On Jun 6, 2024, at 8:27 AM, jeffreytan81 ***@***.***> wrote: @jimingham <https://github.com/jimingham> , let me know any other comments/thoughts you have. — Reply to this email directly, view it on GitHub <#90930 (comment)>, or unsubscribe <https://github.com/notifications/unsubscribe-auth/ADUPVW5QZIZR4GYAKULSRITZGB5U3AVCNFSM6AAAAABHEXT7I6VHI2DSMVQWIX3LMV43OSLTON2WKQ3PNVWWK3TUHMZDCNJSHAYTIOJZGM>. You are receiving this because you were mentioned.

jeffreytan81 · 2024-06-19T00:35:55Z

@jimingham, hope WWDC is going well. Do you have time to review this now? Thanks.

jimingham · 2024-06-27T18:34:30Z

lldb/include/lldb/Target/Process.h

@@ -2838,6 +2844,14 @@ void PruneThreadPlans();
    return std::nullopt;
  }

+  /// Handle thread specific async interrupt and return the original thread
+  /// that requested the async interrupt. It can be null if original thread
+  /// has exited.


You should say what the description string is for.

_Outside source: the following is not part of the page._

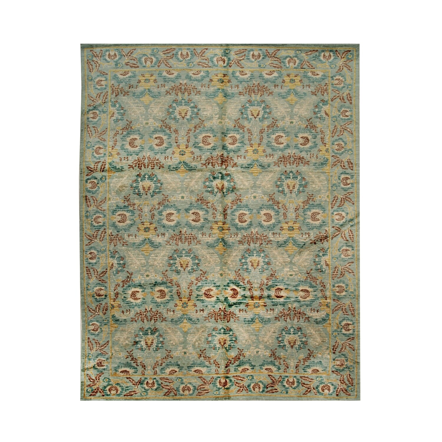 Green Handwoven Wool Transitional Rug 9' x 11'8 - Hand Knotted Spun Wool Surged Edge Elegant Design - N/A

jimingham · 2024-06-27T20:44:54Z

lldb/include/lldb/Target/TimeoutResumeAll.h

+
+namespace lldb_private {
+
+// Mixin class that provides capability for ThreadPlan that supports single


Grammar:

// Mixin class that provides the capability for ThreadPlan to support single
// thread execution that resumes all threads after a timeout.

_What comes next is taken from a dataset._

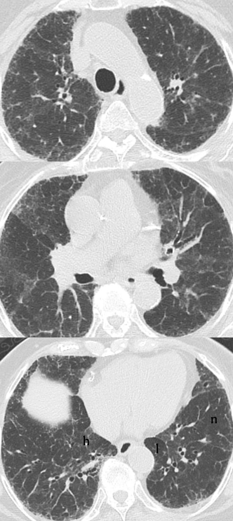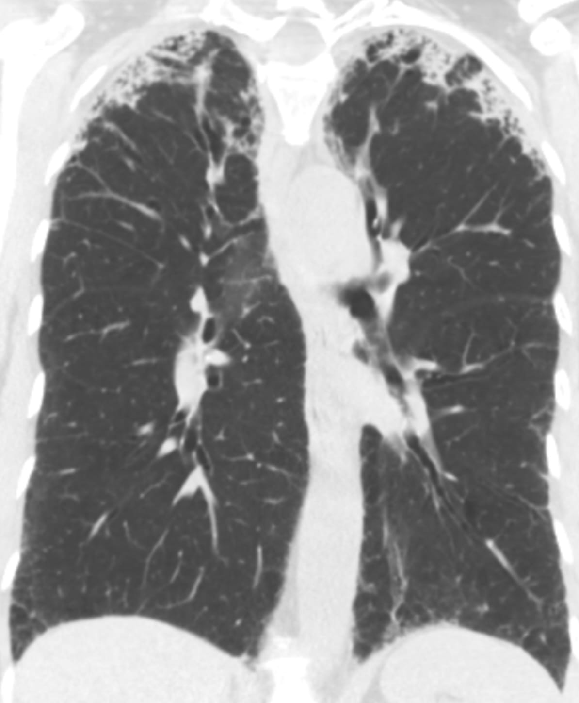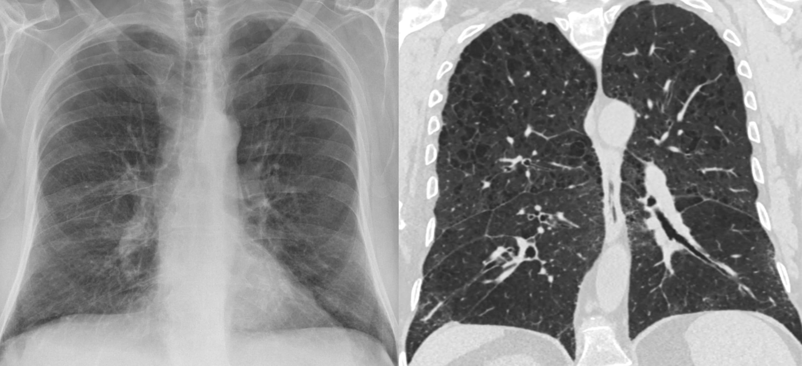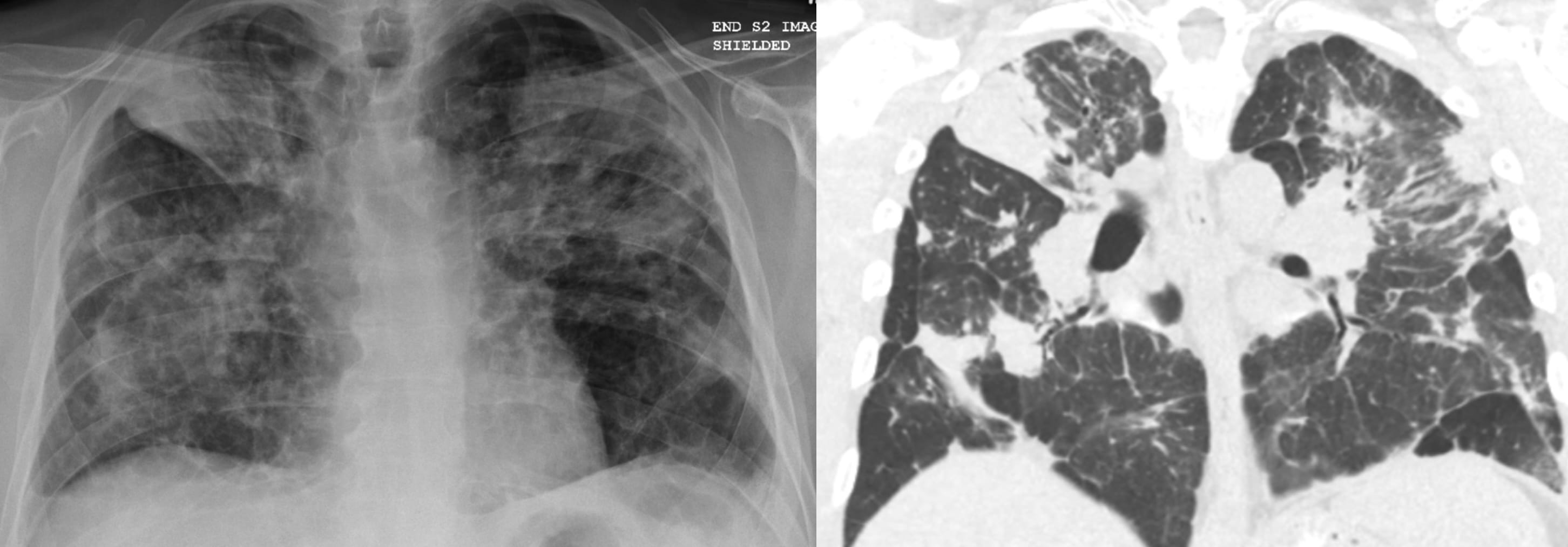 - Interstitial fibrosis with non-emphysematous lung cysts

jimingham · 2024-06-28T22:07:42Z

lldb/include/lldb/Target/ThreadPlanSingleThreadTimeout.h

+// This means this thread plan may be created/destroyed multiple times by the
+// parent execution plan.
+//
+// When timeout happens, the thread plan resolves the potential deadlock by


"When a timeout happens"

jimingham · 2024-06-28T22:08:09Z

lldb/include/lldb/Target/ThreadPlanSingleThreadTimeout.h

+//
+// When timeout happens, the thread plan resolves the potential deadlock by
+// issuing a thread specific async interrupt to enter stop state, then all
+// threads execution are resumed to resolve the potential deadlock.

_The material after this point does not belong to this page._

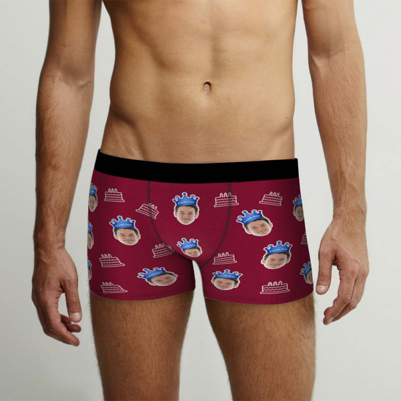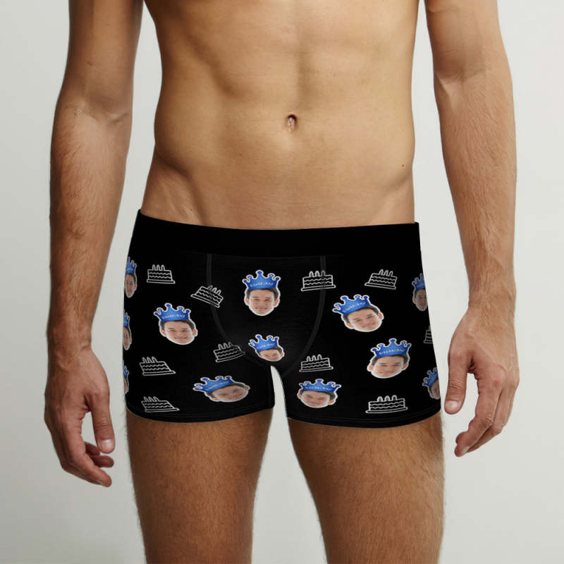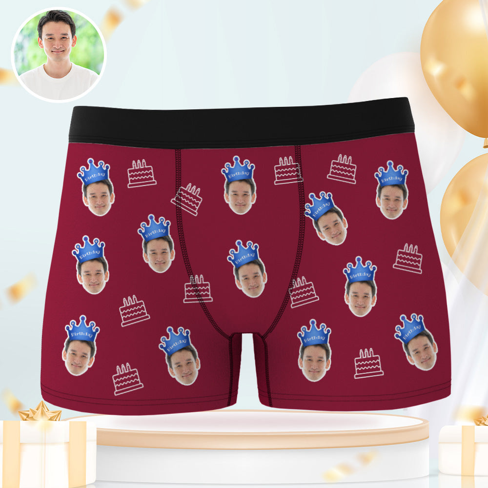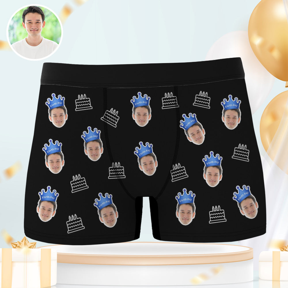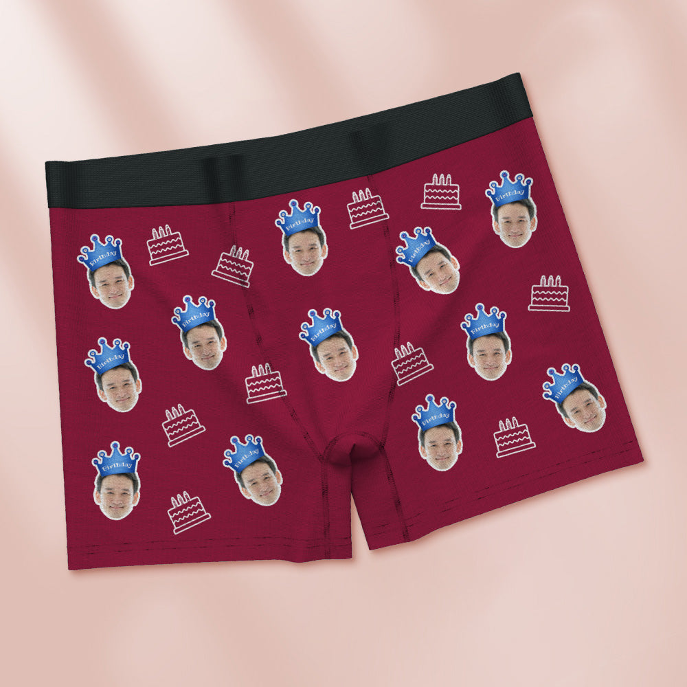 カスタム顔ボクサーブリーフ写真入れ可能な誕生日ケーキ柄ボクサープレゼント

"then execution is resumed with all threads running to resolve the potential deadlock"

jimingham · 2024-06-28T22:16:17Z

lldb/include/lldb/Target/ThreadPlanSingleThreadTimeout.h

+  };
+
+public:
+  struct TimeoutInfo {


This isn't something you need to do in this patch, but it would be good to allow different thread plan invocations to use different timeouts, and not just depend on the thread timeout. For instance, we should be able to reimplement RunThreadPlan with this infrastructure. But the timeouts you want for expression evaluation and stepping are likely to be very different (and different executions also use different timeouts). So being able to pass in the timeout, rather than relying on one thread specific one will be necessary. We could for instance add the timeout to the TimeoutInfo and plumb that so that the ThreadPlan that mixes in TimeoutResumeAll can pass in a timeout.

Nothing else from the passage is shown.